Jacob’s love for Rachel was all too evident, and Leah felt betrayed by God but determined to win the love of her husband. God ‘opened Leah’s womb’ and she bore Jacob four son’s in succession; Reuben, Simeon, Levi and Judah. Rachel could not conceive, and in her jealousy, she gave her handmaid, Bilhah, to Jacob as a surrogate, and Bilhah bore Dan and Naphtali. Leah then did likewise, giving her handmaid Zilpah, who gave birth to Gad and Asher. Leah then became fertile again and gave birth to Issachar, Zebulun, and Dinah, Jacob's first and only daughter. Only after many years without fertility did God grant Rachel two sons, Joseph and Benjamin – the latter would be the cause of her death in childbirth on the road back to Canaan. Of all the children, Rachel's son Joseph was Jacob’s favourite, and destined to be the leader of Israel's tribes between exile and nationhood.

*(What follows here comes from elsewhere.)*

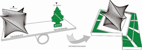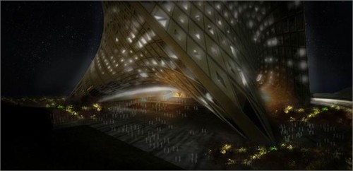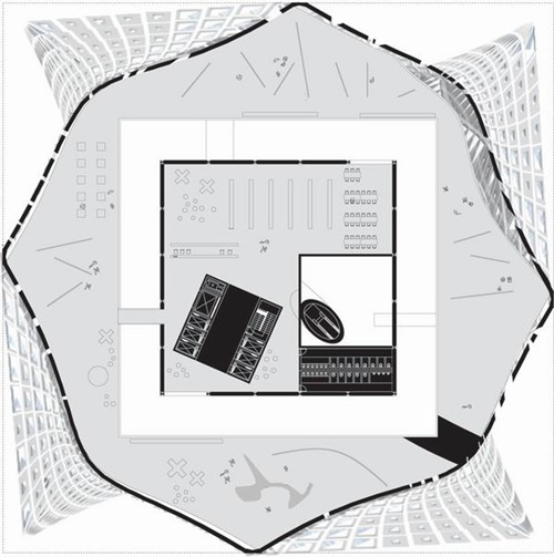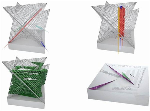 博物館的畫廊被安排在一個連續的邊緣坡道上,這一空間圍繞著藝術資源中心螺旋向上。行政管理區則位于建筑的最頂層,而兒童博物館位于建筑底層。在內部布局交叉的地點,一系列連續的金屬板從一個角落延伸到另一個,支撐了整個外部結構。外表皮包裹在主要的承重柱子上,形成了一個雙曲線形的玻璃立面結構,這種表皮結構可以幫助收集雨水、放置太陽能光電板并安裝活動窗以促進室內通風。建筑周圍的園林區域內種植了超過750~1250棵樹木以吸收各種設施排放的二氧化碳廢氣。
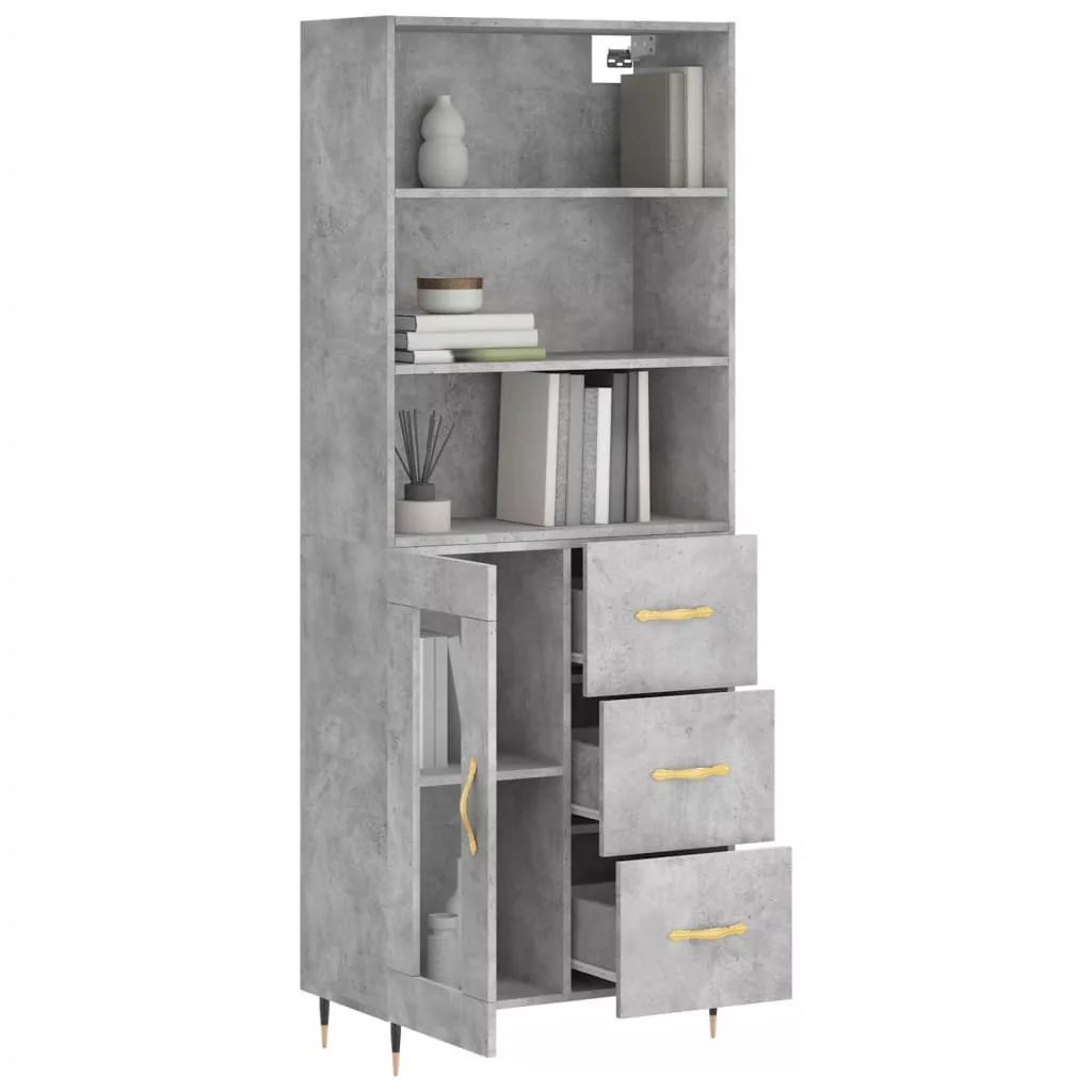 betonszürke szerelt fa magasszekrény 69,5 x 34 x 180 cm

Though much evidently passed between the two sisters, a closer reading of the text shows more depth and subtlety in the relationship than might be immediately apparent. Each sister, though bearing their share of frustrations and disappointments remain loyal to Jacob and each other.  Jacob involves them both in the decisions on their future, such as the return to Canaan, and each shows an eagerness to grow in spiritual matters and draw closer to God. It is easy to dismiss the sisters’ eagerness to bear Jacob sons as mere rivalry, but that would be to judge too harshly. Both wanted the love of their husband, not to the exclusion of each other; both wanted to secure his love and the future of their people through their offspring; both were prepared to help each other in doing so and thus aimed at drawing closer to God in matters spiritual and in securing the future of Israel.  To present a clear-cut analysis of the Rachel and Leah’s motivations and intentions throughout their lives could easily be misleading; to do so would miss the point that God is working through all the confusion and turmoil we may often associate with family life.

1 comment:

  1. I have always thought that the Old Testament's description of family in all its messiness and passion was far more useful than the way the Holy Family has been portrayed in Catholicism, as a holy card of unreal virtue: a virginal mother, a celibate foster father and a divine-human child.